Johnson declared: “Morris is ours. The Baptists wouldn’t let it go. It was once the training source for Blacks who weren’t allowed to go anywhere else to learn.”
Johnson maintains that while contributions from South Carolina’s estimated 400,000 Black Baptists and their 1,700 churches might not look impressive on most financial reports, “[the college] is important to the state.” Annual giving from the convention is between $500,000 and $750,000, say church and college officials.
The college’s fund-raising goal for the 1995-96 academic year is $1.5 million. Members of the Baptist Educational and Missionary Convention of South Carolina have already contributed nearly $400,000 in unrestricted gifts.
Tallies from Baptist state associations, auxiliaries and church gifts generally range from $50 to $43,000. Then there are the individual gifts that to an outsider may seem negligible in the grand scheme of operating a college — $1, $5, $10. College officials painstakingly publish a list of each financial gift made to Morris along with the name of the giver. No contribution is too small.
But the college doesn’t stop there. Every contributor receives a personal letter from the college president and a tax receipt, said the Rev. Marion Newton, director of alumni affairs and church relations. “These aren’t just form letters,” boasted Newton, “Dr. Richardson signs — not stamps — every letter. We mail them daily or else we wouldn’t be able to keep up.
“Every penny that comes in here, we are accountable for it. We can’t overlook the small gifts,” Newton adds.
Recently, nearly three pages had to be added to Morris’ spring Update newsletter when more than 100 names were inadvertently omitted from the financial report section of an earlier edition.
When it comes to the big gifts, a $250,000 grant from The Teagle Foundation of New York in 1991 is considered Morris’ largest private foundation grant.

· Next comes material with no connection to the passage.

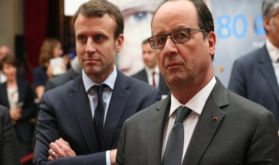 François Hollande l-a întâmpinat zâmbitor cu o strângere de mână pe fostul său ministru al economiei, după care au ascultat unul lângă celălalt imnul naţional şi 'Cântecul partizanilor', un simbol al Rezistenţei franceze în timpul ocupaţiei naziste.

Its largest donation was a $500,000 matching grant from the U.S. Department of Education, says Richardson.
In the late 1970s the college received 42 percent of its revenue from tuition, room and boarding fees; 31 percent from government grants; and 18 percent from private gifts and grants. Now that enrollment has grown, tuition and room and board fees constitute 51 percent of the institution’s total revenue, while private gifts and grants make up 13 percent. Government grants have grown in the past 15 years to become 33 percent of the college’s total revenue.
Once the institution was admitted to College Fund/UNCF (then the United Negro College Fund) in 1982, large corporate gifts have been channeled to the college through the fund. During its first fiscal year as a UNCF member, Morris received $155,000 for operating funds. By 1989 that had more than doubled to $359,000.
Nearing his 22nd year as president, Richardson said his enthusiasm for Morris and its potential for continued growth and success is high.
Said Richardson: “Whenever I retire the presidency, I will have the satisfaction of knowing that I left Morris College as a stronger institution of learning than when I first arrived.”